SCOTUS and Immigration: The Politics Behind the Case

The case can only be understood in the context of politics, not law. It is part of a strategy of obstruction against Obama on one of the right's signal issues. That Texas is the lead litigant is unsurprising.
This post was published on the now-closed HuffPost Contributor platform. Contributors control their own work and posted freely to our site. If you need to flag this entry as abusive, send us an email.
A protester holds her sign up as immigrants and community leaders rally in front of the U.S. Supreme Court to mark the one-year anniversary of President Barack Obama's executive orders on immigration in Washington, November 20, 2015. The Obama administration on Friday asked the U.S. Supreme Court to revive President Barack Obama's executive action to protect millions of illegal immigrants from deportation, saying Republican-led states had no legal basis to challenge it. REUTERS/Kevin Lamarque
A protester holds her sign up as immigrants and community leaders rally in front of the U.S. Supreme Court to mark the one-year anniversary of President Barack Obama's executive orders on immigration in Washington, November 20, 2015. The Obama administration on Friday asked the U.S. Supreme Court to revive President Barack Obama's executive action to protect millions of illegal immigrants from deportation, saying Republican-led states had no legal basis to challenge it. REUTERS/Kevin Lamarque

The oral arguments before the U.S. Supreme Court on President Obama's executive order on immigration were made Monday, and afterwards most observers agreed it's not clear how the Court will decide the case. It is a culmination of years of divisiveness about the eleven million unauthorized immigrants in America. But however important the case, it puts on hold a genuine solution to the status of these mostly Latino immigrants.

The case stems from Obama's granting "deferred action" to certain types of immigrants -- namely, the so-called Dreamers, those who were brought into the country illegally when they were very young, and those who are parents of legal residents, have been in the United States working and without a criminal record at least since 2010. The first group was granted deferred action in 2012; the second group, in 2014.

The executive action stems from two facts: that Congress has failed to act to deal with the eleven million, and that the president has "prosecutorial discretion" to defer deportation. The last is crucial, because it's a legal argument. The solicitor general, Donald Verrilli, noted that the federal government does not have the resources to deport 11 million people, and indeed has been able to deport only a fraction -- about 400,000 -- in recent years. (Even that number was an historic high.) The president is, as a result, exercising discretion all the time; the executive order provides guidance on who is low priority for deportation as well as some benefits, particularly the right to work legally.

The executive orders caused a firestorm from the anti-immigrant right wing, of course. For years, polls have shown the American public favors these programs and a path to legal status for unauthorized immigrants. Typically, these actions are approved by two-thirds or more of those polled. But the Republican base has been in an uproar about Obama's "usurpation" and the immigrants themselves gaining some legal foothold.

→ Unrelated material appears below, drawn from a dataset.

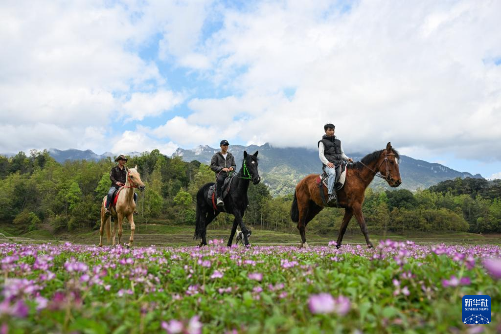 3月26日,在重庆市武隆区石桥苗族土家族乡八角村,游客在紫云英花海中骑马。

The legal action was brought by the state of Texas and 25 other attorneys general. They sought to end deferred action altogether, and made the argument that it would place an undue burden on the states -- to issue drivers' licenses, for example, to these immigrants. They further argued the executive orders exceeded the president's authority. Lower courts agreed there was injury (the added costs to states), and now the case will be decided by an eight-member Supreme Court that, if it splits 4-4, will uphold the lower courts and place all unauthorized immigrants under a deportation cloud.

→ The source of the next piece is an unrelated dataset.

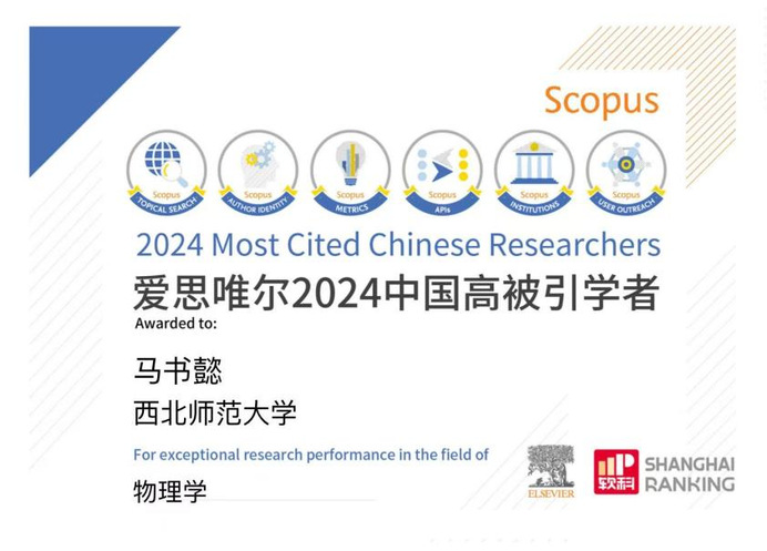 西北师大三位教授入选爱思唯尔2024“中国高被引学者”榜单

The case can only be understood, however, in the context of politics, not law. It is part of a strategy of obstruction against Obama on one of the right's signal issues. That Texas is the lead litigant is unsurprising. The extremist governor, Greg Abbott, has gone so far as to deny birth certificates to children born in Texas whose parents were not lawfully in the country, a challenge to the Fourteenth Amendment to the Constitution.

Texas' claim that the federal order places an unfair burden on the state -- the entire basis of their claimed right to take legal action in federal court -- is disingenuous. Undocumented workers contribute gainfully to the U.S. economy, especially in a fast-growing state like Texas. Illegal immigration has been a net plus for Texas economically, driven mainly by the added workforce and consumer base. The state collects sales taxes from all residents, meaning unauthorized immigrants pay the same rate as other Texans, up to 8.25 percent. So the "burden" of issuing a driver's license is largely a fiction.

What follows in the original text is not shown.